▶ _Action item_:
Where the material below has a line containing "冬季跑鞋需求: 鞋面——房水透气 选择以GTX为代表的房水透气鞋面,不仅能房风房水,还兼具透气性。", start repeating exactly, and keep going through the line containing "優しいスタイルのレースレース気質シャツ女性の2023年夏新しいデザイン感覚のウエストと薄い半袖シャツ サマー 夏物", with no other lines.

▶ _Data under study_:
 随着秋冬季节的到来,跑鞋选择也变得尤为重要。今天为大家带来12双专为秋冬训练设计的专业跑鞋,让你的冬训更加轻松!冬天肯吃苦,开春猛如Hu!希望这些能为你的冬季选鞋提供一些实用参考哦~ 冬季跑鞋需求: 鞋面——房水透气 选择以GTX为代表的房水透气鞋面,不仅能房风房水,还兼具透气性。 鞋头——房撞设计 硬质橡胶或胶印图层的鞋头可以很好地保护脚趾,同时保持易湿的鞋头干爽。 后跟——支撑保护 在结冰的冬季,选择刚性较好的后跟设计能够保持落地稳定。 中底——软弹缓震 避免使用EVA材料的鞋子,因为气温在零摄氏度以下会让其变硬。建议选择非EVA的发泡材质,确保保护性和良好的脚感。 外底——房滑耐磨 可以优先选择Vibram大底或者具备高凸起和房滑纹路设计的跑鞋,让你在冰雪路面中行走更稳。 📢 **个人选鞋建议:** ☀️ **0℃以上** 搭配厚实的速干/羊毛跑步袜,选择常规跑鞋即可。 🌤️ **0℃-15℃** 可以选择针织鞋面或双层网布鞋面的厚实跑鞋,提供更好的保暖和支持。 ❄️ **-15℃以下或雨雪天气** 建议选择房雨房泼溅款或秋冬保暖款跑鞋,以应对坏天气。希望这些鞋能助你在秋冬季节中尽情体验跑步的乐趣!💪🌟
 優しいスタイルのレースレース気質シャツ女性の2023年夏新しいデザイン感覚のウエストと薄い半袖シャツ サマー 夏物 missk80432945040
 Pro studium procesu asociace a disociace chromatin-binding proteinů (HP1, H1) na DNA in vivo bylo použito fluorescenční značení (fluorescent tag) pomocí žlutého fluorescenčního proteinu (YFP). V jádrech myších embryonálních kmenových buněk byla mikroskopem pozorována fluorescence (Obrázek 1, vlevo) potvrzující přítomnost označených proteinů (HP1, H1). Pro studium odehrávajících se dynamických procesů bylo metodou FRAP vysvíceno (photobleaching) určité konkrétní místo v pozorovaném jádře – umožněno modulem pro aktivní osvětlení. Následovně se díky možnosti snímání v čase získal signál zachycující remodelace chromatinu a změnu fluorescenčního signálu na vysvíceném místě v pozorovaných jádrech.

* * *

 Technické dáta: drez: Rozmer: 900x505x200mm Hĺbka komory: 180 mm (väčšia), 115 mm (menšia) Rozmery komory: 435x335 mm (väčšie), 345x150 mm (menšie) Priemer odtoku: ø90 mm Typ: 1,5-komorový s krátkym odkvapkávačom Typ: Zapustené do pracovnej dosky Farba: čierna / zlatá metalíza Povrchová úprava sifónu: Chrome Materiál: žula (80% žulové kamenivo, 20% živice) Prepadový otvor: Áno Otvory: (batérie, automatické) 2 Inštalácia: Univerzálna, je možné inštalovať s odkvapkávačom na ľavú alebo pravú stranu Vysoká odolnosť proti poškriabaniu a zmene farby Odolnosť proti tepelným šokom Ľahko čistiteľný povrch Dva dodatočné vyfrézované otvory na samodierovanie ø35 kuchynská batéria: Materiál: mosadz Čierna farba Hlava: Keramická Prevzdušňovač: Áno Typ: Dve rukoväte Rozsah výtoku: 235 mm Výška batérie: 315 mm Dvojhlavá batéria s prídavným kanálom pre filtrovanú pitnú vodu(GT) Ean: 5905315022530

---

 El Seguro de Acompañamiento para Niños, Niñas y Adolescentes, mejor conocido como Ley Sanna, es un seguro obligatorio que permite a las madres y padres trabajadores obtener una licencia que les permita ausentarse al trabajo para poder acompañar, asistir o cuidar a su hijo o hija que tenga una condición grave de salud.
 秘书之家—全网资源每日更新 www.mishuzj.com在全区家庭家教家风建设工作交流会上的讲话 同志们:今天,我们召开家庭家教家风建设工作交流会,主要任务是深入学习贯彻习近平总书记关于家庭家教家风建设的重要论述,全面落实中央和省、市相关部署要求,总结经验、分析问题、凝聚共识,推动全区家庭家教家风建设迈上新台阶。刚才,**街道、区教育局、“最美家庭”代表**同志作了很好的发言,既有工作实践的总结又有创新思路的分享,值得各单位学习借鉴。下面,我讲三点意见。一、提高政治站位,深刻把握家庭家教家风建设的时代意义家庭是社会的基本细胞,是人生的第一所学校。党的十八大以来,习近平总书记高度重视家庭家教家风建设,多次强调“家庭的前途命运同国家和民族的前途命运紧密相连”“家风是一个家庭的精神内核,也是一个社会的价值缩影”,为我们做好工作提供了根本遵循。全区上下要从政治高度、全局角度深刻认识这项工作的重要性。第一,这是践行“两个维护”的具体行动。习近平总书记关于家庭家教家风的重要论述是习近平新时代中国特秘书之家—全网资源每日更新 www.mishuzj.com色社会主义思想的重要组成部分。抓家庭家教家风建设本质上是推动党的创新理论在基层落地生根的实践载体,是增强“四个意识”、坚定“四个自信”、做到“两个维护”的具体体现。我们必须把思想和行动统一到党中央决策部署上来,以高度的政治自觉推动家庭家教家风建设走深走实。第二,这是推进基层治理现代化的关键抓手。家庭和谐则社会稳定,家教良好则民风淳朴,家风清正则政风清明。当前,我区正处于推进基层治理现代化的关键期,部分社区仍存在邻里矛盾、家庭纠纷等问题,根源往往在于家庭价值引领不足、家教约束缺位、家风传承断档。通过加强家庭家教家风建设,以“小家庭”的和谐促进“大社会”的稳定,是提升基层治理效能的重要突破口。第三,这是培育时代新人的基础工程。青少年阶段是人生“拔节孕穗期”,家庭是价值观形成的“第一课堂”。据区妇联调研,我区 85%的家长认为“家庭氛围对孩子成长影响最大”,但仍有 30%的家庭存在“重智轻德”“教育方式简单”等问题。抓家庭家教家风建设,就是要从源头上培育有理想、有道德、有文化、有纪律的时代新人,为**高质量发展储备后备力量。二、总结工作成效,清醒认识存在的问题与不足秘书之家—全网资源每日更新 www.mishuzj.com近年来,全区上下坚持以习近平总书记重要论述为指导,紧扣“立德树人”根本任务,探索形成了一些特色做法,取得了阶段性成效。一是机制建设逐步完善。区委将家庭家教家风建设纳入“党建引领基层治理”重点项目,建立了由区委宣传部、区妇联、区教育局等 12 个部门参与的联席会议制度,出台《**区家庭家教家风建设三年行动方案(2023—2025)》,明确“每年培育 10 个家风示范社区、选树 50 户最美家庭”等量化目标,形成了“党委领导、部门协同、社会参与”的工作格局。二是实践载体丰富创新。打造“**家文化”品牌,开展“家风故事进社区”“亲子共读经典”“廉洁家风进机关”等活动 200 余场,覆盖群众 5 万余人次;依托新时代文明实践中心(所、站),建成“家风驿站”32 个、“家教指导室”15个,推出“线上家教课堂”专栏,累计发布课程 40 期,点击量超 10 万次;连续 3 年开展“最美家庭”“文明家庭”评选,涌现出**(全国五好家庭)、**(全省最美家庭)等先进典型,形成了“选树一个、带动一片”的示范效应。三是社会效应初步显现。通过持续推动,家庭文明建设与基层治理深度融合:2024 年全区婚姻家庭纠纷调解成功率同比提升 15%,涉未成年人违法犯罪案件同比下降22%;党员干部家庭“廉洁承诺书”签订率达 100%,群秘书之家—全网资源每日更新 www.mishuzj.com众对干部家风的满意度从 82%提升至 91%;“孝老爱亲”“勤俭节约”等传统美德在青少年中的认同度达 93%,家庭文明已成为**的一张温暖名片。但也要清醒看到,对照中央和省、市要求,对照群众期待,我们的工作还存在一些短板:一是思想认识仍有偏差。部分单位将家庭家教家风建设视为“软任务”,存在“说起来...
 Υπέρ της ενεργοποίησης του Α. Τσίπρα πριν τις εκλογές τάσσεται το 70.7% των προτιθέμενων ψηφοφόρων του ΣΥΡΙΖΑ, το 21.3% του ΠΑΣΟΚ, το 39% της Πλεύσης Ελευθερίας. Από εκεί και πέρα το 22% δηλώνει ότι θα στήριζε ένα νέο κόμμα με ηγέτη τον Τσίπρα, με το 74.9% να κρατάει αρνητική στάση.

▶ _Expected output_:
 随着秋冬季节的到来,跑鞋选择也变得尤为重要。今天为大家带来12双专为秋冬训练设计的专业跑鞋,让你的冬训更加轻松!冬天肯吃苦,开春猛如Hu!希望这些能为你的冬季选鞋提供一些实用参考哦~ 冬季跑鞋需求: 鞋面——房水透气 选择以GTX为代表的房水透气鞋面,不仅能房风房水,还兼具透气性。 鞋头——房撞设计 硬质橡胶或胶印图层的鞋头可以很好地保护脚趾,同时保持易湿的鞋头干爽。 后跟——支撑保护 在结冰的冬季,选择刚性较好的后跟设计能够保持落地稳定。 中底——软弹缓震 避免使用EVA材料的鞋子,因为气温在零摄氏度以下会让其变硬。建议选择非EVA的发泡材质,确保保护性和良好的脚感。 外底——房滑耐磨 可以优先选择Vibram大底或者具备高凸起和房滑纹路设计的跑鞋,让你在冰雪路面中行走更稳。 📢 **个人选鞋建议:** ☀️ **0℃以上** 搭配厚实的速干/羊毛跑步袜,选择常规跑鞋即可。 🌤️ **0℃-15℃** 可以选择针织鞋面或双层网布鞋面的厚实跑鞋,提供更好的保暖和支持。 ❄️ **-15℃以下或雨雪天气** 建议选择房雨房泼溅款或秋冬保暖款跑鞋,以应对坏天气。希望这些鞋能助你在秋冬季节中尽情体验跑步的乐趣!💪🌟
 優しいスタイルのレースレース気質シャツ女性の2023年夏新しいデザイン感覚のウエストと薄い半袖シャツ サマー 夏物 missk80432945040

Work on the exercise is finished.